> [Exercise objective] Before returning the data, strip out the pictures and keep everything else exactly the same.

*** Data provided ***

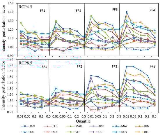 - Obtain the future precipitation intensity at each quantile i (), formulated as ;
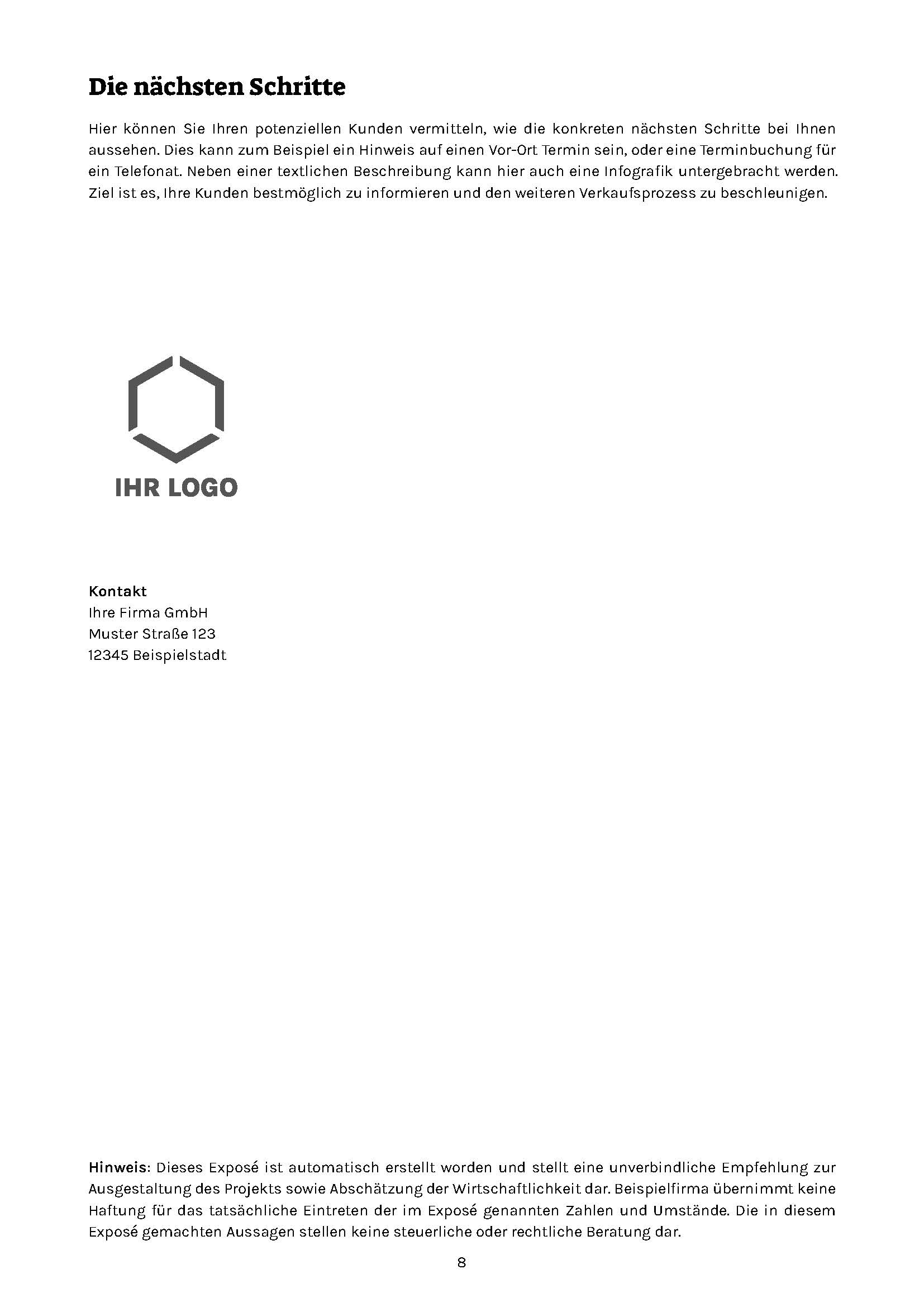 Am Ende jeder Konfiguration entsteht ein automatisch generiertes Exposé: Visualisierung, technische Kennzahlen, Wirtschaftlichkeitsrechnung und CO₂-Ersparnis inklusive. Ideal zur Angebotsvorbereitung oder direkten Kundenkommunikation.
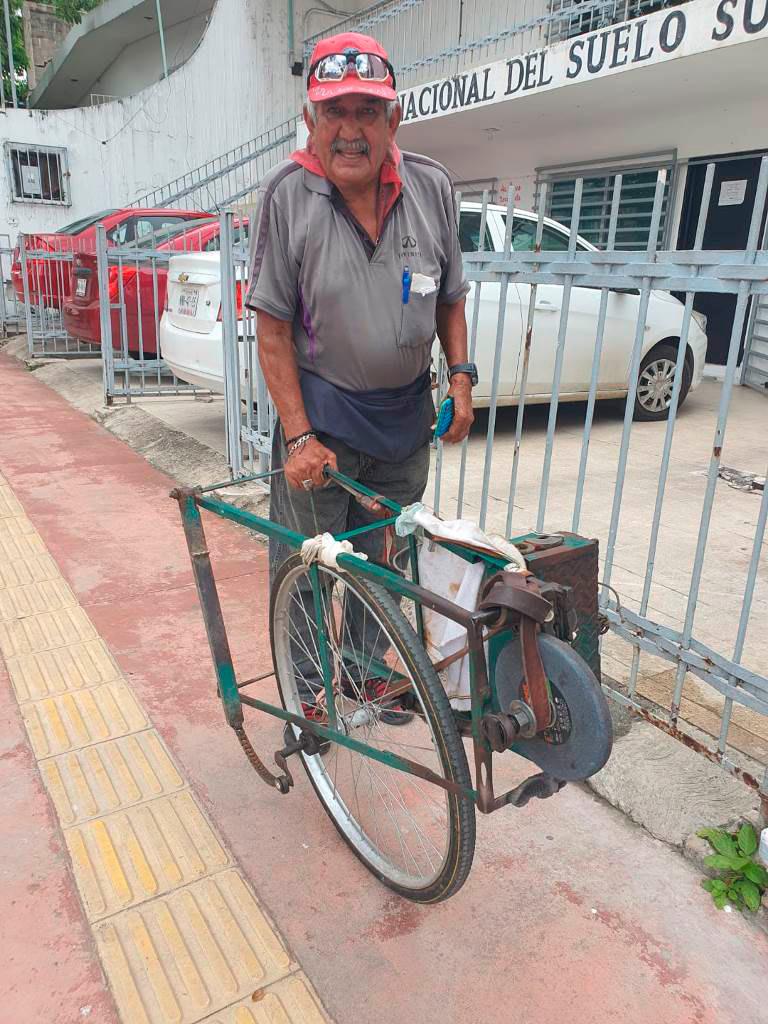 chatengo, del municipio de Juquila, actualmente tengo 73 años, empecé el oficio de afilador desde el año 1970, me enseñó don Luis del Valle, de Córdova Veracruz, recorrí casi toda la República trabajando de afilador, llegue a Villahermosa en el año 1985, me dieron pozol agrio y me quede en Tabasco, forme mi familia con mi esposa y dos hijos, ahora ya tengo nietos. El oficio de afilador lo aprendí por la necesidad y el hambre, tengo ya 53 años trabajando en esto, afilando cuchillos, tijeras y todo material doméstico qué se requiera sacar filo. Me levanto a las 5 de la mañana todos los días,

*** End of Data provided ***

> [Result for this exercise]
 - Obtain the future precipitation intensity at each quantile i (), formulated as ;
 Am Ende jeder Konfiguration entsteht ein automatisch generiertes Exposé: Visualisierung, technische Kennzahlen, Wirtschaftlichkeitsrechnung und CO₂-Ersparnis inklusive. Ideal zur Angebotsvorbereitung oder direkten Kundenkommunikation.
 chatengo, del municipio de Juquila, actualmente tengo 73 años, empecé el oficio de afilador desde el año 1970, me enseñó don Luis del Valle, de Córdova Veracruz, recorrí casi toda la República trabajando de afilador, llegue a Villahermosa en el año 1985, me dieron pozol agrio y me quede en Tabasco, forme mi familia con mi esposa y dos hijos, ahora ya tengo nietos. El oficio de afilador lo aprendí por la necesidad y el hambre, tengo ya 53 años trabajando en esto, afilando cuchillos, tijeras y todo material doméstico qué se requiera sacar filo. Me levanto a las 5 de la mañana todos los días,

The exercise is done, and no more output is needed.